▸ **Exercise**: Please repeat exactly the lines below from the line with "হয়ে গিয়েছিল তাঁর।" to the line with "Последний раз был", including both, and leave out every picture.

▸ **Task material**:
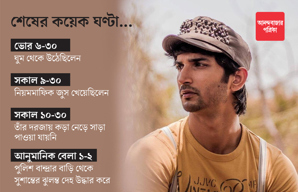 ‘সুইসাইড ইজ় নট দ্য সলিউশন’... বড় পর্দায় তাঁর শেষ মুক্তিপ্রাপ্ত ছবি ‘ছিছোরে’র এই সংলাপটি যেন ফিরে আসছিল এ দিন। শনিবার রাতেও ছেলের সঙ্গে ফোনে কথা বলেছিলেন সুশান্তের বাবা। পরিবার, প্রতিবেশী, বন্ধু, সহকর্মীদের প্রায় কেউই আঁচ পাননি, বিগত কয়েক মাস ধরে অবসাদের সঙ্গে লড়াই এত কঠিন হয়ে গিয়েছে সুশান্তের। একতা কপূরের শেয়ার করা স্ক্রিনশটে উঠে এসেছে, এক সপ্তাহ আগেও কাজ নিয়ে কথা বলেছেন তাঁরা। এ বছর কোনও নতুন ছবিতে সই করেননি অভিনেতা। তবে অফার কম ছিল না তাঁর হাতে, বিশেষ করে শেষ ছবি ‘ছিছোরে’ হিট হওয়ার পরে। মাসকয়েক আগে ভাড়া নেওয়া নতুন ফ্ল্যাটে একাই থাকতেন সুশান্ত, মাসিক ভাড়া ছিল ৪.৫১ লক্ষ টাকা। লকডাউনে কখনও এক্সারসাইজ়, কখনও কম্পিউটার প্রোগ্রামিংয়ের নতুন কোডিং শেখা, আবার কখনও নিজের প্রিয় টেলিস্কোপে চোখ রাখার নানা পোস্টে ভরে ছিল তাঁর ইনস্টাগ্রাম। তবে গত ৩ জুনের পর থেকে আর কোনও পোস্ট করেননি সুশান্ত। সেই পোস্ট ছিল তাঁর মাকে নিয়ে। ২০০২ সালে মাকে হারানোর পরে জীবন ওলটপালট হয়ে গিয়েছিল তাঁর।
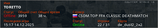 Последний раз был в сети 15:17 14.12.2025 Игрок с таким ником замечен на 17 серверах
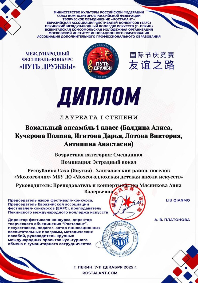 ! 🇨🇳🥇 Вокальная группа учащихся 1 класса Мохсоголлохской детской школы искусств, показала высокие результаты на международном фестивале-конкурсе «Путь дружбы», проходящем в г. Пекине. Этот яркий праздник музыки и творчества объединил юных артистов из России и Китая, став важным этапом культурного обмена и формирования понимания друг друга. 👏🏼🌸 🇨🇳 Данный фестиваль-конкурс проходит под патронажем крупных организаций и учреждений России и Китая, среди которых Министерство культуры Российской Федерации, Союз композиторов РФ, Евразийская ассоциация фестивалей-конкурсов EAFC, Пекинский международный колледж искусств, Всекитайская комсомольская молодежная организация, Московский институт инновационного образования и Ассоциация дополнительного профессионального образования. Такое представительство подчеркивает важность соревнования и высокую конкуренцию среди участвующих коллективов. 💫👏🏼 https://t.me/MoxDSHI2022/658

--

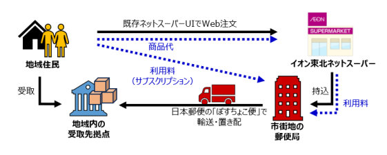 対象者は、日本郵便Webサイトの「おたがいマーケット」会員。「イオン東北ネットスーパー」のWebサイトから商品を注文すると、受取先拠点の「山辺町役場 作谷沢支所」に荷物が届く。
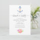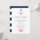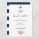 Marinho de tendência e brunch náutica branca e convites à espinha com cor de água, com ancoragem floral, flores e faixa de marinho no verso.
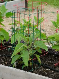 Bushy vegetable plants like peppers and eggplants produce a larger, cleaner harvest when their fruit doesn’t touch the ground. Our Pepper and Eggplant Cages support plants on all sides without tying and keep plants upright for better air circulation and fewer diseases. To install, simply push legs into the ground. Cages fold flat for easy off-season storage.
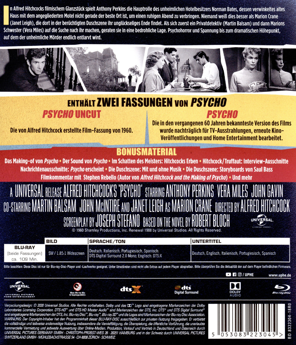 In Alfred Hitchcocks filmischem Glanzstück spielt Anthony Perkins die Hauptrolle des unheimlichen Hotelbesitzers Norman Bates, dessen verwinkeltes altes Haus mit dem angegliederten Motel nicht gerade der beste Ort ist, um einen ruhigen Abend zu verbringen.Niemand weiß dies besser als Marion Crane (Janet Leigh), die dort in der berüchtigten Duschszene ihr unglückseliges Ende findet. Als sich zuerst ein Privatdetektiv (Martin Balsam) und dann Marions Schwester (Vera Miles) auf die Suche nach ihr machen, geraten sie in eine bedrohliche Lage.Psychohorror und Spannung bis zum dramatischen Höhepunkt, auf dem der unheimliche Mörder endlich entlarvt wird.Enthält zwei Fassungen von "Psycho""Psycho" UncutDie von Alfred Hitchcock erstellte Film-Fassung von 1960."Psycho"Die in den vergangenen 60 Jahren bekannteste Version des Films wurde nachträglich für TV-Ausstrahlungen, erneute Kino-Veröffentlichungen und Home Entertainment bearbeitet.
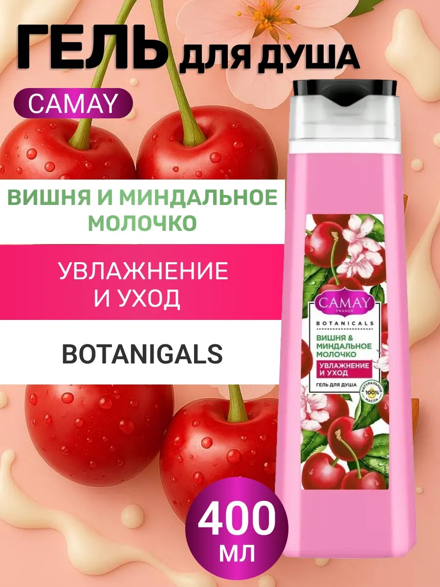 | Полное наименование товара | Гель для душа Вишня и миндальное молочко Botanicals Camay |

▸ **Your response**:
 ‘সুইসাইড ইজ় নট দ্য সলিউশন’... বড় পর্দায় তাঁর শেষ মুক্তিপ্রাপ্ত ছবি ‘ছিছোরে’র এই সংলাপটি যেন ফিরে আসছিল এ দিন। শনিবার রাতেও ছেলের সঙ্গে ফোনে কথা বলেছিলেন সুশান্তের বাবা। পরিবার, প্রতিবেশী, বন্ধু, সহকর্মীদের প্রায় কেউই আঁচ পাননি, বিগত কয়েক মাস ধরে অবসাদের সঙ্গে লড়াই এত কঠিন হয়ে গিয়েছে সুশান্তের। একতা কপূরের শেয়ার করা স্ক্রিনশটে উঠে এসেছে, এক সপ্তাহ আগেও কাজ নিয়ে কথা বলেছেন তাঁরা। এ বছর কোনও নতুন ছবিতে সই করেননি অভিনেতা। তবে অফার কম ছিল না তাঁর হাতে, বিশেষ করে শেষ ছবি ‘ছিছোরে’ হিট হওয়ার পরে। মাসকয়েক আগে ভাড়া নেওয়া নতুন ফ্ল্যাটে একাই থাকতেন সুশান্ত, মাসিক ভাড়া ছিল ৪.৫১ লক্ষ টাকা। লকডাউনে কখনও এক্সারসাইজ়, কখনও কম্পিউটার প্রোগ্রামিংয়ের নতুন কোডিং শেখা, আবার কখনও নিজের প্রিয় টেলিস্কোপে চোখ রাখার নানা পোস্টে ভরে ছিল তাঁর ইনস্টাগ্রাম। তবে গত ৩ জুনের পর থেকে আর কোনও পোস্ট করেননি সুশান্ত। সেই পোস্ট ছিল তাঁর মাকে নিয়ে। ২০০২ সালে মাকে হারানোর পরে জীবন ওলটপালট হয়ে গিয়েছিল তাঁর।
 Последний раз был в сети 15:17 14.12.2025 Игрок с таким ником замечен на 17 серверах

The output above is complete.